ECS Fargate gives you:

  • Long-running containers (unlike Lambda’s 15-minute limit)
  • No infrastructure management (unlike EKS with EC2 nodes)
  • Simpler mental model than Kubernetes
  • Native integration with ALB, CloudWatch, IAM

The cost: you lose Kubernetes portability, the Helm ecosystem, service mesh support, and the advanced scheduling features of Kubernetes.

For most teams that don’t need Kubernetes specifically, ECS Fargate is the right container service. It’s the level of abstraction between Lambda’s “just code” and EKS’s “full orchestration platform.” See Lambda vs ECS for how to choose between those two.

Cold starts: a real concern or a myth?

Lambda cold starts are real. When a Lambda function hasn’t been invoked recently, AWS must initialize a new execution environment — download the code, start the runtime, run initialization code. This typically takes 100–500ms for Node.js and Python. Java and .NET can take 1–3 seconds.

For most applications, this is irrelevant. An API with regular traffic keeps Lambda environments warm — subsequent invocations hit pre-warmed environments with sub-10ms overhead. A background task processing SQS messages doesn’t have a user waiting for a response.

Cold starts matter for: latency-sensitive user-facing APIs with very low traffic (so environments are rarely warm), and for Java/.NET functions where initialization is slow.

For these cases, Provisioned Concurrency (pre-warming Lambda environments) solves the problem. It costs more but eliminates cold starts entirely.

The cold start argument for choosing EKS over Lambda applies to a minority of use cases. Don’t let it drive the decision for workloads where it doesn’t matter.

Quick decision guide

  • Choose Lambda if: your workloads are event-driven, your team doesn’t have Kubernetes expertise, you want zero infrastructure management, or you’re building an MVP or prototype.
  • Choose EKS if: you have 10+ microservices with complex inter-service networking, your team already knows Kubernetes, you need multi-cloud portability, or you need GPU scheduling.
  • Consider ECS Fargate before EKS: it gives you container orchestration without Kubernetes complexity. Most teams that think they need EKS actually need ECS Fargate.
  • Cold starts are not a reason to avoid Lambda for most workloads. Use Provisioned Concurrency for latency-sensitive paths.

Frequently asked questions

What is the main difference between Kubernetes and serverless?

Kubernetes (EKS) gives you fine-grained control over how containers are scheduled, networked, and scaled — but you manage all of that complexity. Lambda (serverless) takes all of that away: you write a function, and AWS handles execution, scaling, and routing. EKS is an orchestration platform; Lambda is a code execution service.
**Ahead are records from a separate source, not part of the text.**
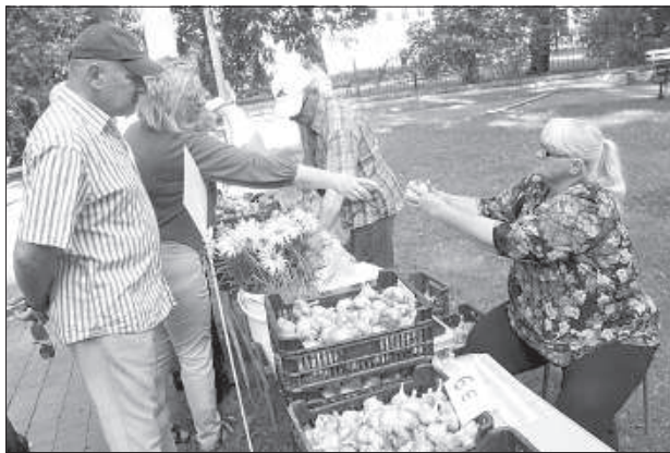
Торговцы интересно и подробно рассказывали о своей продукции.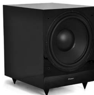
Proson Rumble R-12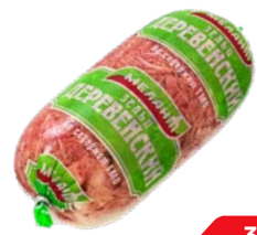
Зельц МЕЛАНТ , Деревенский охлажденный, вареный свиной, 500 г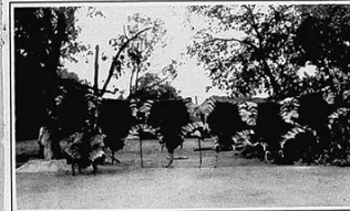
AT SIR MONTAGU BUTLER'S SHOOT IN A FEDERATORY STATE OF THE CENTRAL PROVINCES OF INDIA. PART OF A RECORD SHOT. A tiger came out in each of the three matches on the first day of the week. On the following days six more were shot, three of which were record successes. These pictures were shot with a movie camera which was set up in a grove of trees and three pictures, of which two are reproduced in the following page. This was thought to be a record for the Central Province in the time.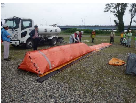
水防工法「水土のう工」 平成30年度の巡視状況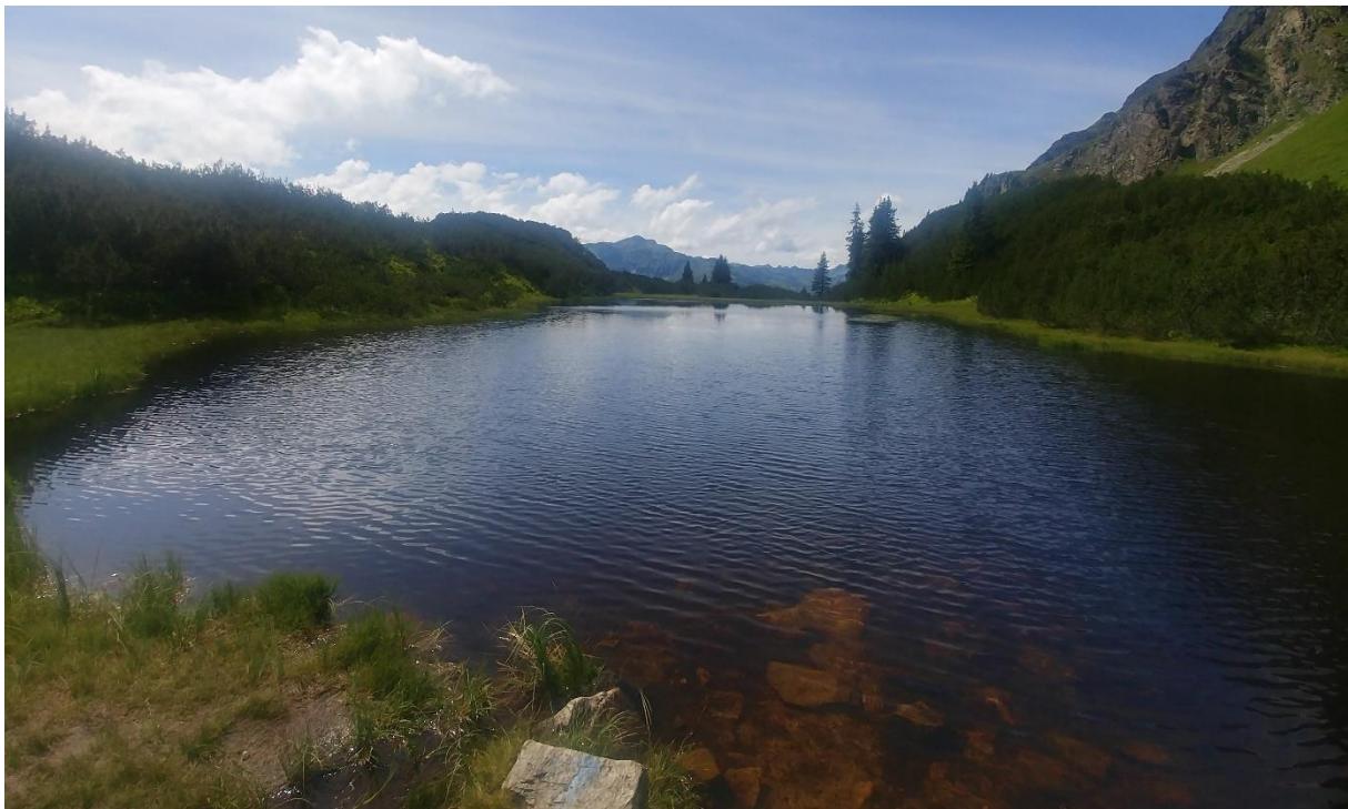
Wiegensee 1920 m, Verwall.

St. Gallenkirch ist mit öffentlichen Verkehrsmitteln erreichbar.

Can you mix Kubernetes and Lambda in one architecture?

Yes, and many teams do. Long-running services run on EKS; event-driven tasks and lightweight integrations run on Lambda. They communicate through SQS, SNS, or direct API calls. There is no rule that you must pick one for everything.

Is EKS overkill for a small team?

Almost certainly. EKS requires knowledge of deployments, services, ingress controllers, namespaces, RBAC, node groups, and more. A team without dedicated Kubernetes expertise will spend more time managing EKS than building product. Most small teams should use ECS Fargate or App Runner before considering EKS.

Last verified: 19 March 2026 Cloud services change frequently. Verify details against official documentation before making infrastructure decisions.